◆ **Task instructions**
Set down the entries exactly as they appear, apart from the images, which stay out.

======== Available data ========

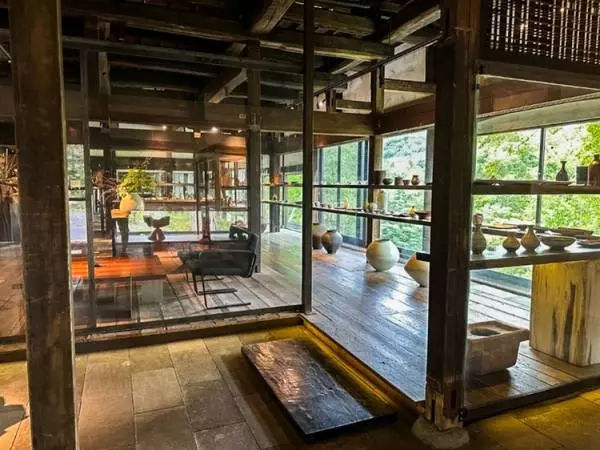 「SHIGUCHI」のオーナーはイギリス生まれのショウヤ・グリッグさん。名宿「坐忘林」を立ち上げた一人として有名ですが、若いころはパンクバンドで活躍した経験もあるというアーティスト。ここは彼の作品を中心に彼が収集した絵画や陶器、古美術品などが展示された森の中の芸術空間になっています。
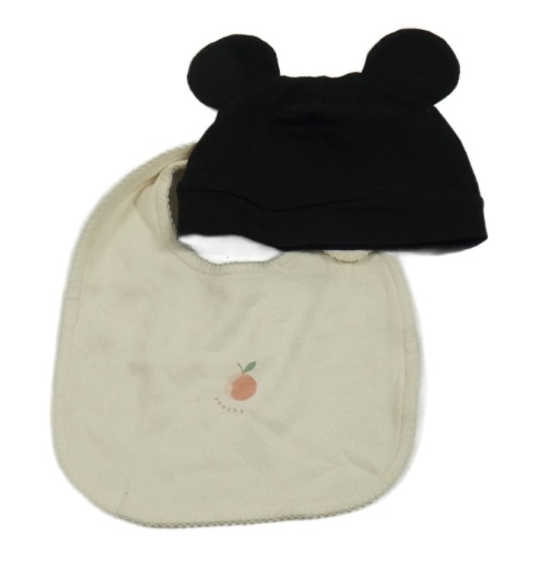 2set - Čierna bavlnená čapica s oušky + béžový slinták s broskví
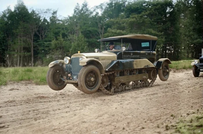 Участники конференции по колониальному управлению наблюдают в Олдершот демонстрацию вездеходной техники, организованную Военным ведомством. Во время движения по обычной дороге гусеницы машины поднимались вверх.
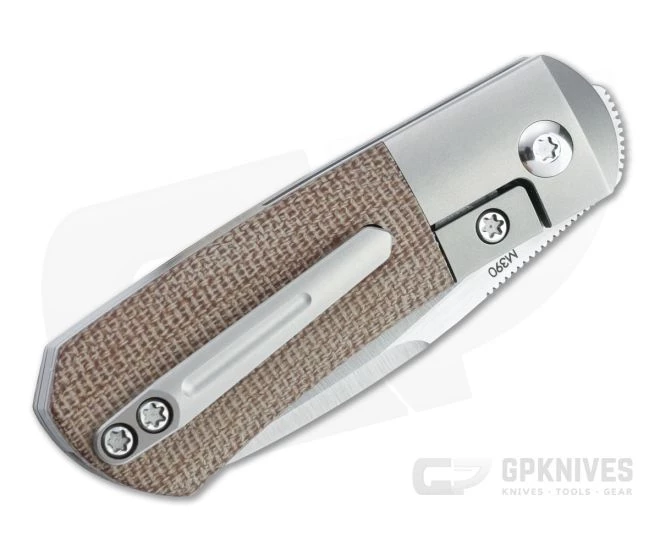 Handle:Â Thick titanium liners with integral bolsters pair with canvas Micarta covers to form the compact trapper-inspired handle. Contoured for a comfortable, ergonomic grip the handles house the blade and liner lock mechanism with a hardened steel lock face for smooth, reliable operation. A titanium partial back spacer and Torx hardware complete the construction.
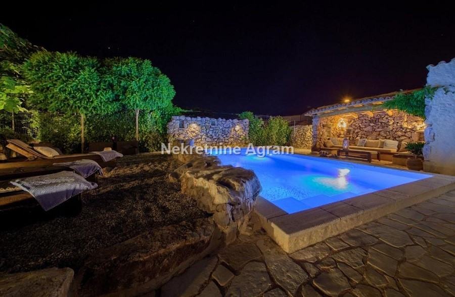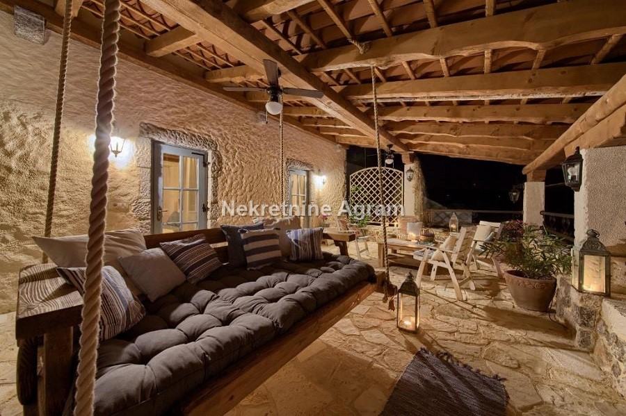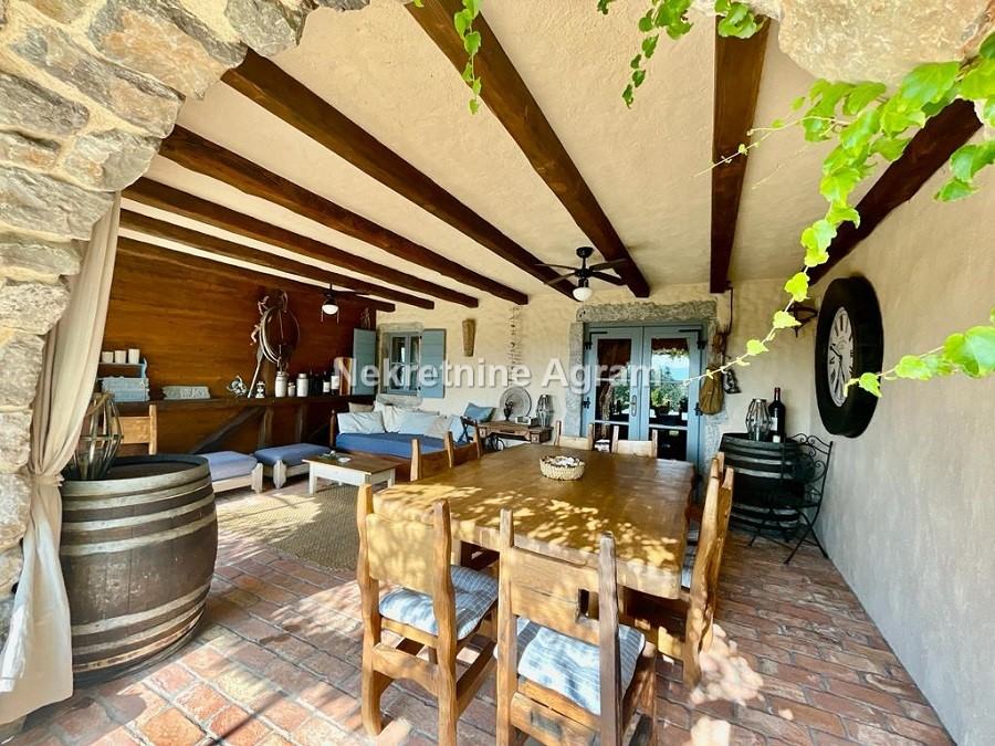 Prodaje se kompletno i izuzetno kvalitetno novoadaptirana i opremljena( antički stil) villa s bazenom na prekrasnoj lokaciji i pogledom na more.Ugrađene su sve nove instalacije, dizalica topline -regulacija topline u svakoj sobi zasebna-fan coil sustav,podno grijanje u kupaonama,vrhunska toplinska izolacija cijele kuće, kompletno opremljena i namještena, priključak na gradsku kanalizaciju.Villa zbog položaja osigurava maksimalnu privatnost.

========

◆ **Response below**
 「SHIGUCHI」のオーナーはイギリス生まれのショウヤ・グリッグさん。名宿「坐忘林」を立ち上げた一人として有名ですが、若いころはパンクバンドで活躍した経験もあるというアーティスト。ここは彼の作品を中心に彼が収集した絵画や陶器、古美術品などが展示された森の中の芸術空間になっています。
 2set - Čierna bavlnená čapica s oušky + béžový slinták s broskví
 Участники конференции по колониальному управлению наблюдают в Олдершот демонстрацию вездеходной техники, организованную Военным ведомством. Во время движения по обычной дороге гусеницы машины поднимались вверх.
 Handle:Â Thick titanium liners with integral bolsters pair with canvas Micarta covers to form the compact trapper-inspired handle. Contoured for a comfortable, ergonomic grip the handles house the blade and liner lock mechanism with a hardened steel lock face for smooth, reliable operation. A titanium partial back spacer and Torx hardware complete the construction.
 Prodaje se kompletno i izuzetno kvalitetno novoadaptirana i opremljena( antički stil) villa s bazenom na prekrasnoj lokaciji i pogledom na more.Ugrađene su sve nove instalacije, dizalica topline -regulacija topline u svakoj sobi zasebna-fan coil sustav,podno grijanje u kupaonama,vrhunska toplinska izolacija cijele kuće, kompletno opremljena i namještena, priključak na gradsku kanalizaciju.Villa zbog položaja osigurava maksimalnu privatnost.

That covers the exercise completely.